Kayip disappeared beneath the street, and Desct led Sylvaine, alone, into the mass of shantytowns that covered the space between two large refinery structures.
“This was once some sort of courtyard, I think, when the refineries were first opened,” he explained. “They had sufficient lodging for the population of mutants years ago, but from what I can gather, their shit-cursed operations expanded, and it was cheaper just to throw us to the trash heap, and let us build our own fucking quarters ourselves.”
The structures were webs of welded pipes and iron poles, upon which were placed dirty cloth and cheap wood. Some buildings were old machines: tread-driller arms reused as support pillars, decayed hulls of transport-trucks converted into cramped huts, melted scrap from a thousand origins used to fill in corners.

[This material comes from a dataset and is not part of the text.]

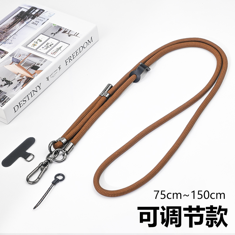 可调节高圆圆同款斜跨侧背可背式带加长挂脖挂肩吊绳宽高端带固定贴片卡片手机壳斜挎挂绳结实焦糖色防丢户外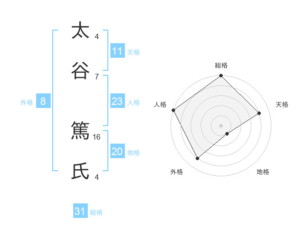 太谷 篤氏さんを姓名の画数から五運を鑑定

The macrostructure was large, rust and filth covered, but more than anything else, it was dense. Travel through its winding paths seemed more plodding than even the worst of the Underway, requiring even more climbing, crawling, and sneaking through hidden passageways; some between walls of rags, others behind non-load-bearing “walls.” Sylvaine tried to imagine what architectural plans for such a structure would be, but concluded that it would be madness to try to sketch it out.